HyEnD’s N₂ORTH Rocket passes Acceptance Review

HyEnD is proud to announce that it has passed its Rocket Acceptance Review (RAR) with experts of the DLR today. The event took place at the Institute of Space Systems (IRS) and Materialprüfungsanstalt (MPA) of the University of Stuttgart. The review included detailed discussions about qualification testings, design changes and plans for the launch campaign. Also, the fully assembled rocket was shown for the first time. At the end of March, the components of two complete N₂ORTH rockets will be transported to Esrange in Sweden.

Here are some impressions of the event as well as the assembly of the rocket:

The review and presentation of the rocket was also covered by the German television SWR:

More at www.swr.de (German)

Launch Campaign Announcement

We are proud to announce the date of our launch campaign! From 11th to 25th April this year, 16 HyEnD team members will visit the European Space and Sounding Rocket Range (Esrange) close to Kiruna, Sweden. And we plan to not bring one – but two N2ORTH rockets with us!

The launch of the first N2ORTH rocket is planned with 80° of elevation and with limited propellant mass, in order to ensure a safe downrange and landing area. If all goes according to plan, N2ORTH will reach an altitude of more than 50 km at its first flight and we will get the permission to increase the elevation for the second rocket launch. The launch of the second N2ORTH rocket is currently planned with a higher elevation and increased propellant mass.

As of now, a space shot is not off the table but will also depend on the results of the first launch and weather conditions. We are looking forward to share more details about the launch campaign in the upcoming weeks.
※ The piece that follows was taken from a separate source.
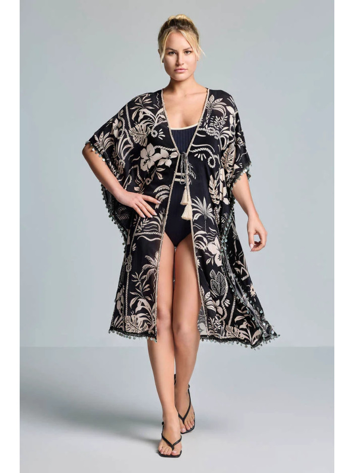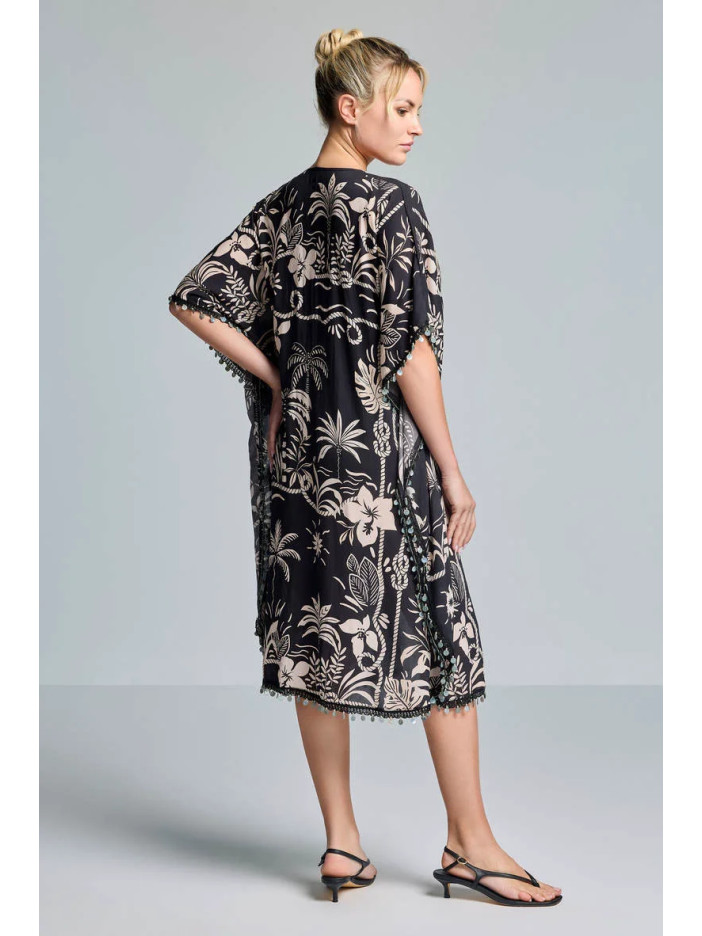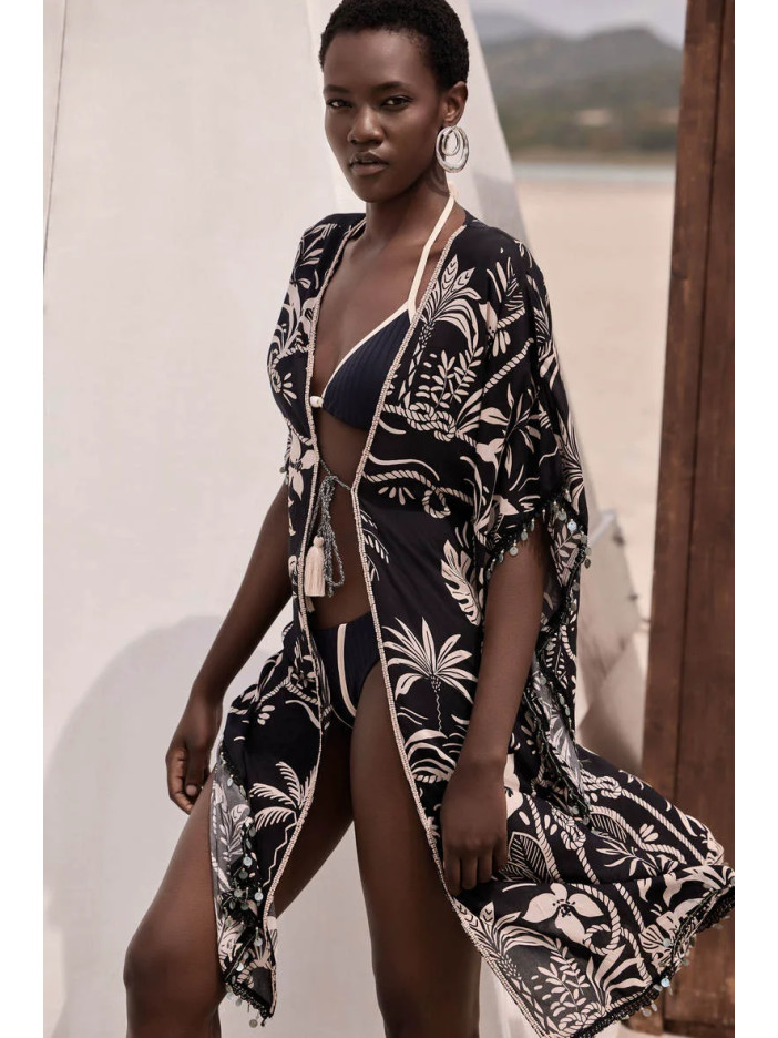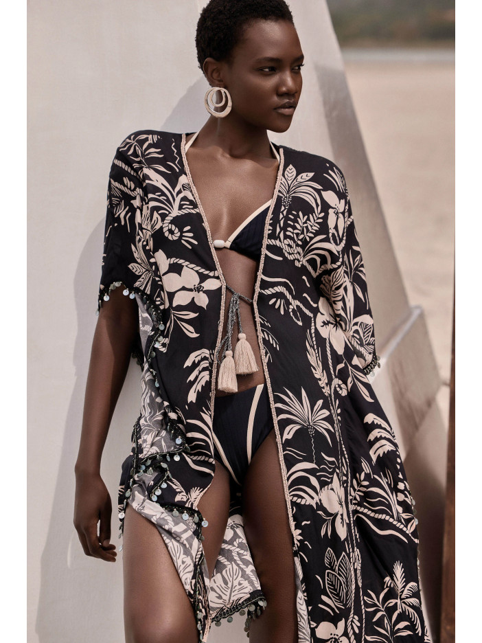 Вільний крій красиво струмує по фігурі, підкреслюючи силует і створюючи відчуття легкості. Контрастний рослинний принт у чорно-бежевій гамі додає образу вишуканості та легко поєднується з будь-якими купальниками.

Successful Validation of Thermal Protection System

In order to complete final research concerning thermal loads, HyEnD conducted thermal tests on December 20th, 2022. The thermal tests were a crucial milestone and provided us with valuable insights into the expected in-flight behavior of N2ORTH.

During a test campaign, we tested the nose cone, fins, and 3-ring system of the parachute. The tests were conducted under realistic conditions corresponding to a speed of Mach 2.5, equivalent to the predicted max Q conditions. Thus, with this test, the maximum aerothermal load that we expect during our flight could be tested.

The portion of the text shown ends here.